Mashups are typically associated with end user applications that make use of information or services readily available on the Web, such as an apartment-hunting application that taps into Google Maps. WSO2 is extending the mashup idea to inside the enterprise. Any internal information or service that can be presented as a Web service may be found by Mashup Server and utilized as part of a new application, said Jonathan Marsh, WSO2 director of mashup technologies.
"If you don't want to access any external sources, you don't need to," although conducting address checks on the Web or calling on Google Maps remains an option, if the developer chooses, Marsh said. For Mashup Server to find internal resources, however, they must be available in a Web service format and listed in a file system or service registry that Mashup Server has been directed to regularly peruse.
WSO2 also has incorporated a console for the server that allows user to comment on mashups, rate them and tag them for future reference and use. In effect, the firm is trying to build social networking characteristics into its mashups. It's also seeking to create the ability to produce quick assembly applications that respond to businesss conditions. "Mashups, as situational applications, are empowering individual data owners to quickly expose services that enhance productivity," said Sanjiva Weerawarana, WSO2 CEO.
WSO2, is the Colombo, Sri Lanka, and Santa Clara, Calif., firm that is building out Web services oriented middleware. Its product suite uses open source Apache Software Foundation projects as a base and its products remain open source code. What JBoss middleware was to Java applications, WSO2 seeks to become to future applications based on Web services or Web service standards.
Mashup Server relies on the popular Javascript language to define what resources are going to be tapped for a new application. Mashup Server includes an administrative user interface where Javascript can be used to identify and sequence services. But its Javascript may also be written wherever the developer prefers to compose it, which could include a simple text editor or an established integrated development environment, then imported into the Mashup Server, said Marsh.
Marsh said WSO2's reliance on Javascript will decentralize the building of new applications in the enterprise. Web site builders and department power users know enough Javascript to cobble together new applications, if they capitalize on the infrastructure plumbing provided by Mashup Server.
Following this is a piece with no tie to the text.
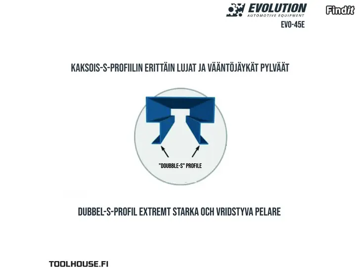 Evolution 45E är en kraftfull hydraulisk tvåpelarlyft, med lyftkapacitet på 4500 kg och långa, symmetriska 3-delade lyftarmar passar den både mindre och större fordon.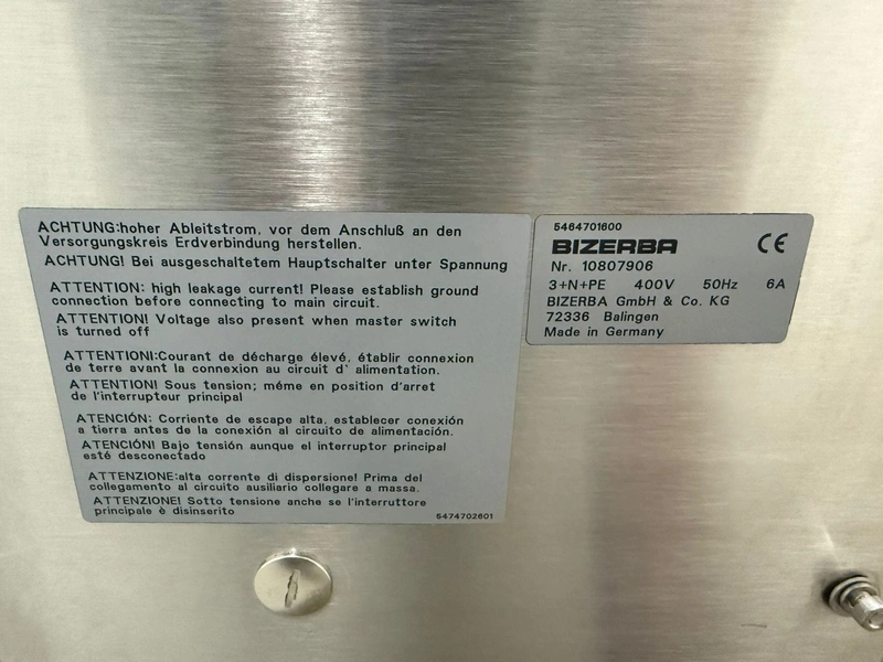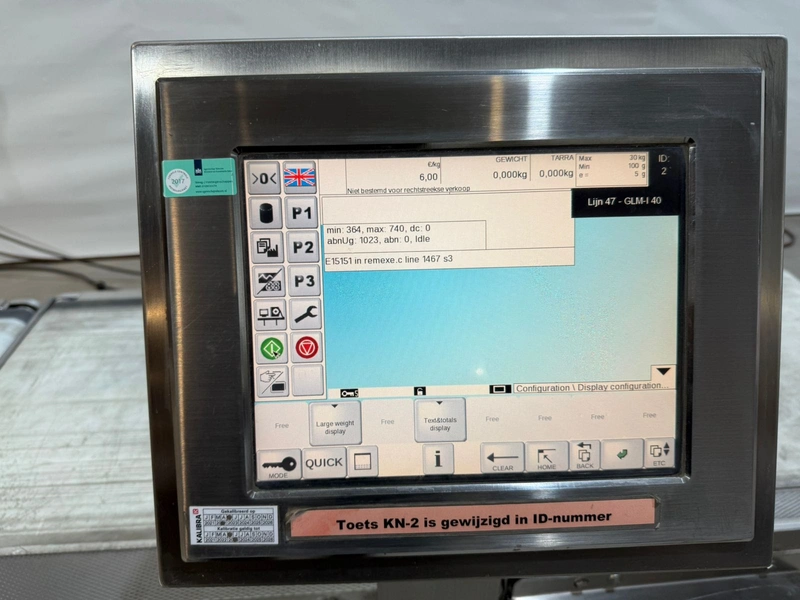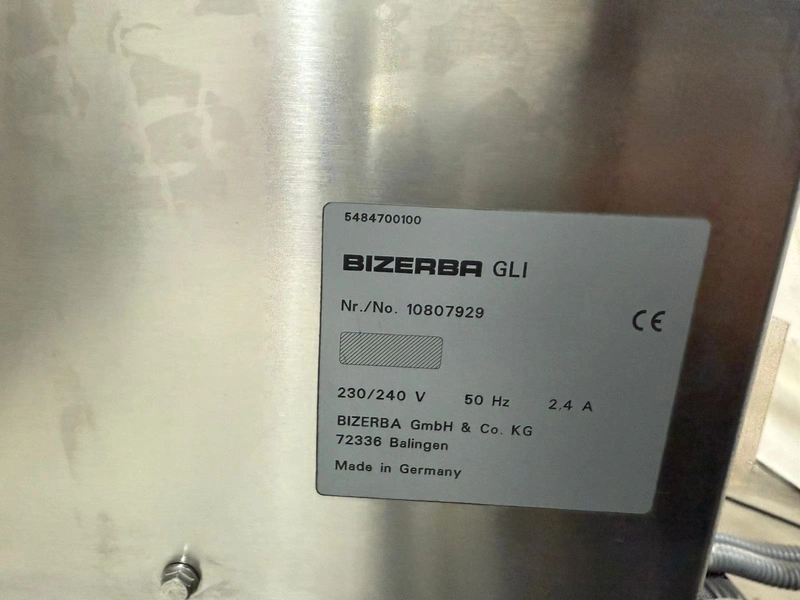 Bizerba weighing and labelling machine, model: GLM-I 40, number: 10807906, 400 V, 3 Ph, 50 Hz, 6 A, dimensions: 2500 mm x 2200 mm x 1500 mm.

"IT has been kind of like a laboratory with mysterious people in white coats, sort of authoritative. Now IT may spread to all parts of the enterprise," with new applications assembled in the departments with the strongest business initiative to launch them, he claimed. WSO2 Mashup Server works with two predecessor pieces of middleware, WSO2 Application Server and WSO2 Enterprise Service Bus. Its application server can handle both Java and C, along with the lighter weight PHP and Ruby languages, which tend to speed up development. The application server also implements Apache's Axis2, which has re-engineered the SOAP protocol for faster XML communications. Weerawarana says his firm includes several contributors to Axis2 and understands the protocol well enough to optimize it. "We are four to five times faster," he says.
The WSO2 Enterprise Service Bus is an integration broker meant to serve as a basis for building out services oriented architecture. Its built on top of Synapse, an Apache incubator project that translates between applications and provides automatic routing of XML messages. Mashup Server can discover new services and capture information about them, which it stores for use in future mash-ups. The data and services used for one mash-up can be extended and used as the basis for another, said Marsh. The firm is hosting a version of Mashup Server for online use and community development, called Mooshup.com.
WSO2 provides training and consulting services and technical support. It charges $2,000 a year per server for Silver level support; $4,000 per year per server for Gold and $8,000 per year for Platinum support.